If you’re new to Ostris AI Toolkit, start with the AI Toolkit LoRA training overview so the UI panels and core parameters make sense before you tune LTX-2 specifics:

AI Toolkit LoRA training overview

If you’re deciding where to run:

  • Local AI Toolkit: best if you already have a compatible GPU and want full control over your environment.
  • RunComfy cloud AI Toolkit: best if you want to skip setup, train on high VRAM GPUs, and iterate faster with fewer "it doesn’t run on my machine" issues—especially helpful for LTX-2’s larger checkpoints and video workloads. ▶ Open RunComfy cloud AI Toolkit

5. Step-by-step: LTX-2 LoRA Training in AI Toolkit

5.1 Create your dataset in AI Toolkit

In the Datasets panel / Dataset section of the job:

  • Target Dataset: your uploaded dataset
  • Default Caption: leave blank unless you need a global suffix
  • Caption Dropout Rate: start around 0.05 (helps generalization)
  • Cache Latents: ON if you can spare disk space (big speed win on repeats, but video latent caches get big fast)
  • Num Frames:
    • 1 for image-only datasets
    • 49 / 81 / 121 for video, depending on your goal
  • Resolutions: start with 512 + 768 enabled; avoid 1024+ until you’ve proven your setup

If you’re doing a narrow identity LoRA, add a second dataset entry and mark it Is Regularization (and keep its weight lower or equal, depending on how aggressive you want preservation to be).

5.2 New Training Job → Model

In the Model section:

  • Model Architecture: LTX-2 (if available in your build)
  • Name or Path: the Hugging Face model id for the base model (e.g. Lightricks/LTX-2)
  • Checkpoint selection: pick the dev checkpoint for training:
    • ltx-2-19b-dev is the full model and is trainable in bf16.
    • The distilled checkpoint is primarily for fast inference (8 steps, CFG=1) and is not the default starting point for LoRA training unless you specifically want to adapt the distilled behavior.

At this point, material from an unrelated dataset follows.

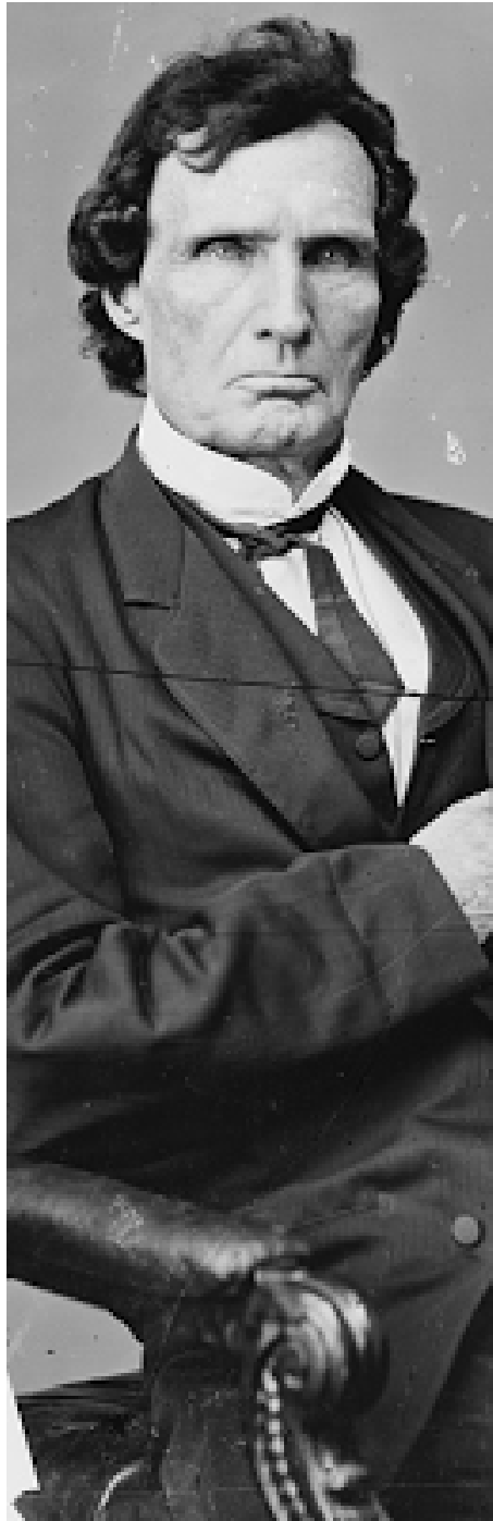
The Great Commoner, or as a good friend has taken to calling him recently: Agent K.

only served to show the men of Maryland that, "of all human beings he presents the least qualifications for a soldier."

5.3 Quantization + VRAM options

LTX-2 is large, so you’ll often use quantization/offload:

  • If you’re on H100/H200-class VRAM, you can often run bf16 more comfortably.
  • If you’re on 24–48 GB GPUs, quantization and "Low VRAM" modes become essential.

Two practical notes:

  • LTX-2 itself ships with official quantized variants (fp8 / nvfp4) of the full model; whether you can train from those weights depends on your trainer implementation.
  • Separately, 8-bit optimizers (e.g. AdamW8bit) are commonly used to make training practical on consumer hardware.

5.4 Target = LoRA + Rank

This is where LTX-2 differs from smaller models.

  • Target Type: LoRA
  • Linear Rank: start at 32
    • Many LTX-2 LoRA trainers report that rank 32 is a practical minimum for solid results.
    • If you have VRAM headroom and want more capacity (complex style, multi-concept), test 64.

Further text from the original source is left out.